[Stored entries]
%%
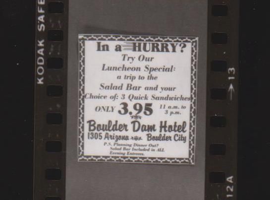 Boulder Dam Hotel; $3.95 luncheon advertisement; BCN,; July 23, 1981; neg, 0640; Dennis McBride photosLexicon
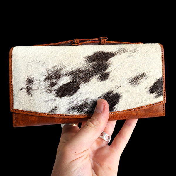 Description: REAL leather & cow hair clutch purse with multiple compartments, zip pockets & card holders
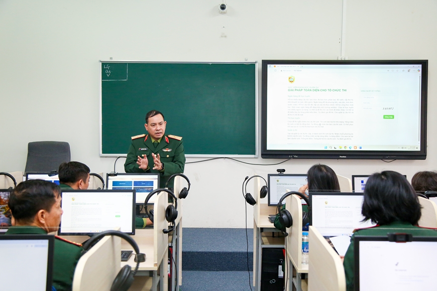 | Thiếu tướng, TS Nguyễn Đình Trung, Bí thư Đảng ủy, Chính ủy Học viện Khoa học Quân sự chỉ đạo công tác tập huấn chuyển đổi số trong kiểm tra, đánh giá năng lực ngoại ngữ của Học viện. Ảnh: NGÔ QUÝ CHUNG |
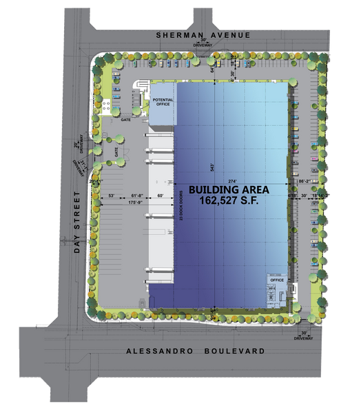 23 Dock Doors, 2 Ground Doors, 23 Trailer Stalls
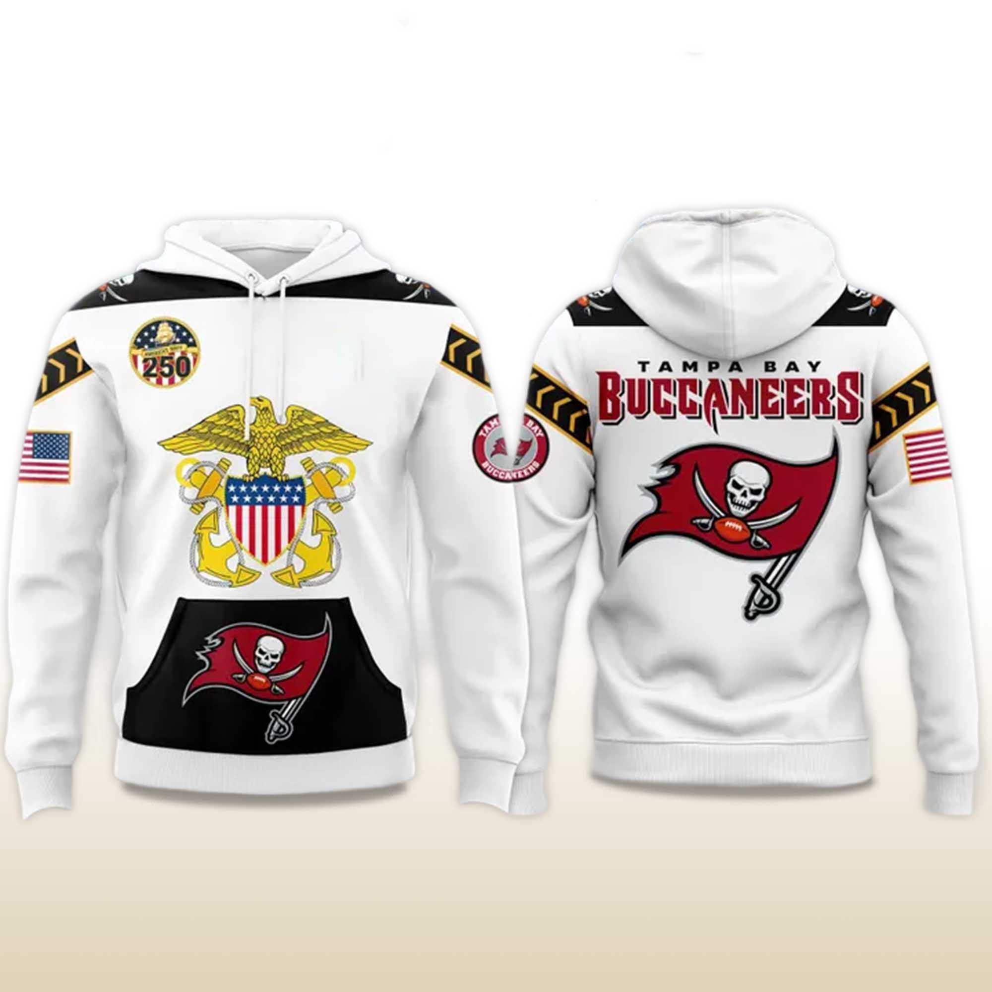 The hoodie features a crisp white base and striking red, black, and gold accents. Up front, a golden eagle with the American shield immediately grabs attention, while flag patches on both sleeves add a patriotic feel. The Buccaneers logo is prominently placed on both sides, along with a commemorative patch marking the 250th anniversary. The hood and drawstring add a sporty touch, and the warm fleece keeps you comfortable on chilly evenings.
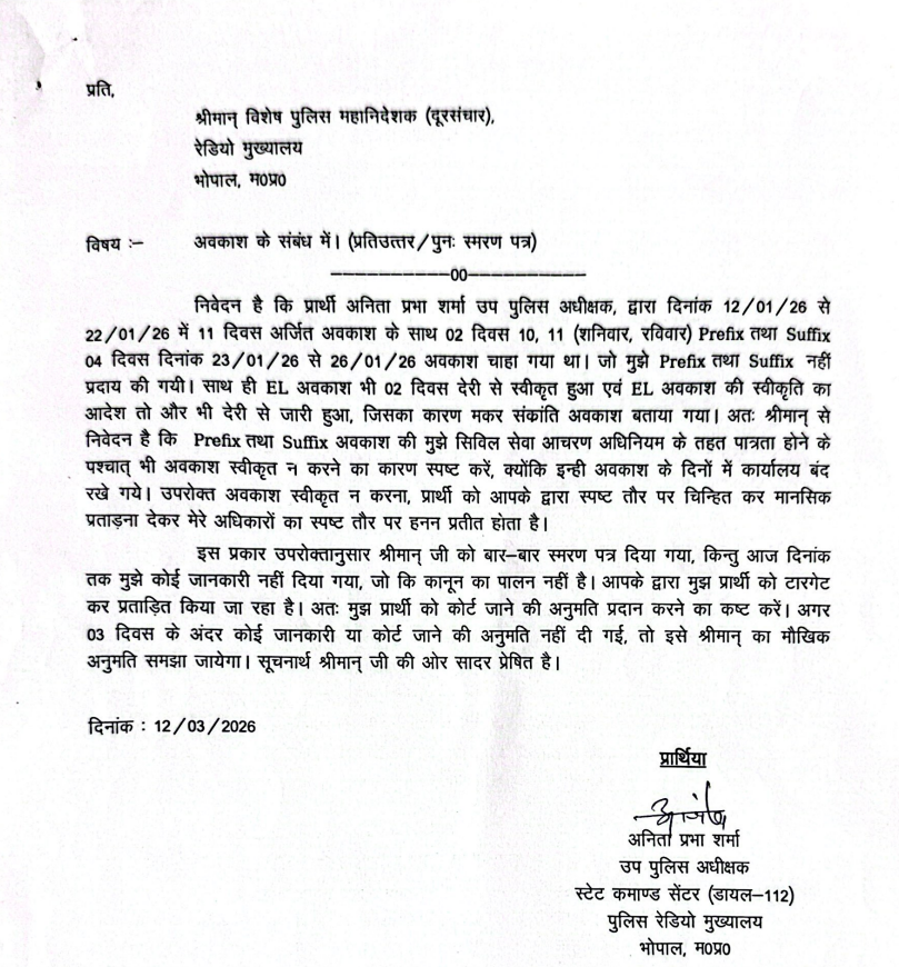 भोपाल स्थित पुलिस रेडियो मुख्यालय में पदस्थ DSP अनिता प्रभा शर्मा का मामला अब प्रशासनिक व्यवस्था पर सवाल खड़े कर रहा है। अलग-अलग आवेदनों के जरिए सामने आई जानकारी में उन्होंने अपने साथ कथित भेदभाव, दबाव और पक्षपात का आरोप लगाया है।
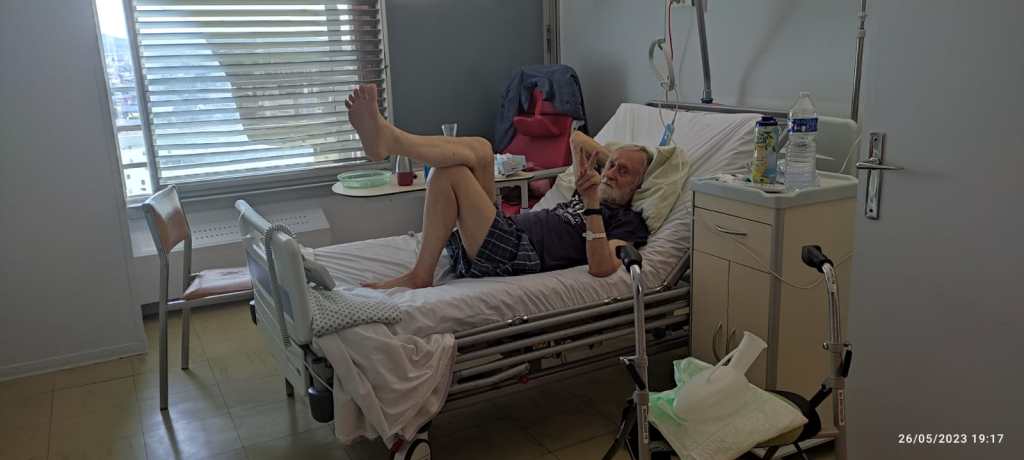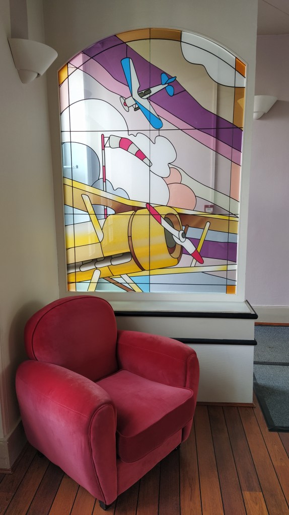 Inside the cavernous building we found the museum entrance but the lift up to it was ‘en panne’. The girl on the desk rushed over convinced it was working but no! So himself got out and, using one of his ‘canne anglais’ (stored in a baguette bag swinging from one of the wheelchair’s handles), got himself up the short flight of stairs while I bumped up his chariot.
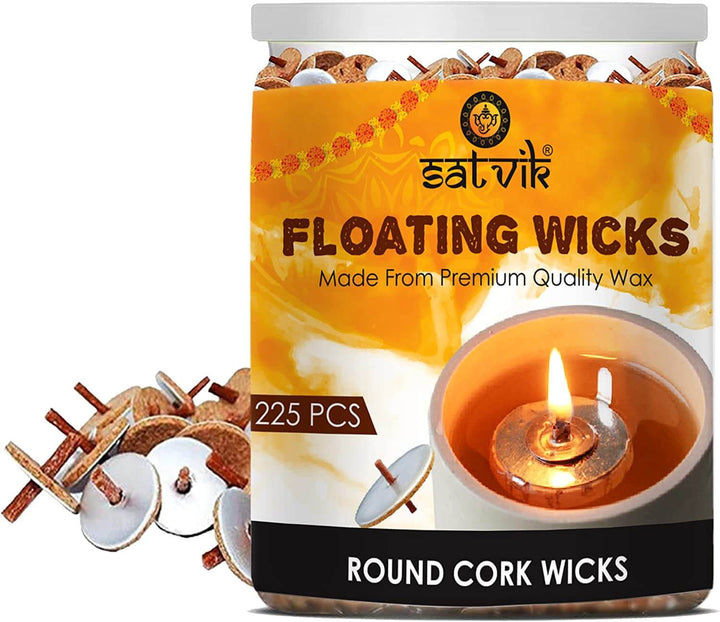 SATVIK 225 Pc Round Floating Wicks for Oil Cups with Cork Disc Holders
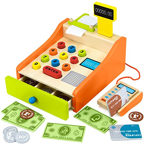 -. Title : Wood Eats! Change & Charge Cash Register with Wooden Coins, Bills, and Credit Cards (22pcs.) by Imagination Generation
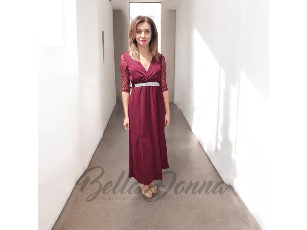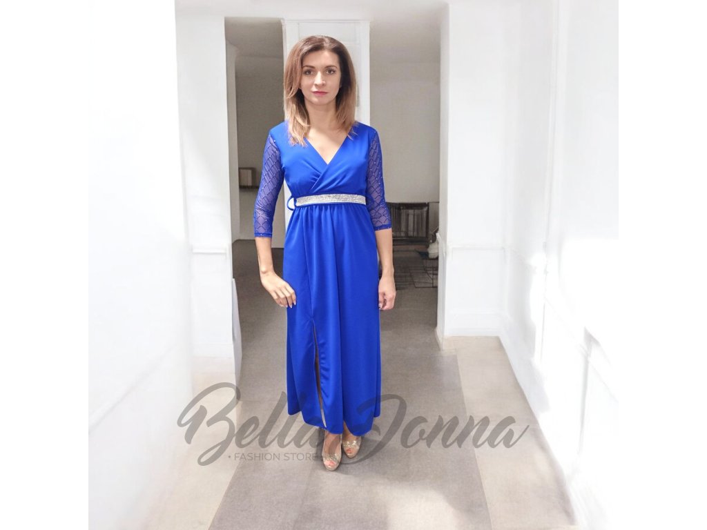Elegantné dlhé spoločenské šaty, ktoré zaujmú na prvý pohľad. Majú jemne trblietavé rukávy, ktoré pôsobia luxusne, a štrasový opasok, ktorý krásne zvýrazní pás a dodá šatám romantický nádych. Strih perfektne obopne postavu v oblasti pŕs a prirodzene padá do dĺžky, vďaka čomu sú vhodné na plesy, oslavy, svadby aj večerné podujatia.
%%
(Exercise brief) Please return, without any change, the lines from the line containing "SATVIK 225 Pc" through the last line of the entries, dropping the pictures.

(Solution to the exercise)
 SATVIK 225 Pc Round Floating Wicks for Oil Cups with Cork Disc Holders
 -. Title : Wood Eats! Change & Charge Cash Register with Wooden Coins, Bills, and Credit Cards (22pcs.) by Imagination Generation
Elegantné dlhé spoločenské šaty, ktoré zaujmú na prvý pohľad. Majú jemne trblietavé rukávy, ktoré pôsobia luxusne, a štrasový opasok, ktorý krásne zvýrazní pás a dodá šatám romantický nádych. Strih perfektne obopne postavu v oblasti pŕs a prirodzene padá do dĺžky, vďaka čomu sú vhodné na plesy, oslavy, svadby aj večerné podujatia.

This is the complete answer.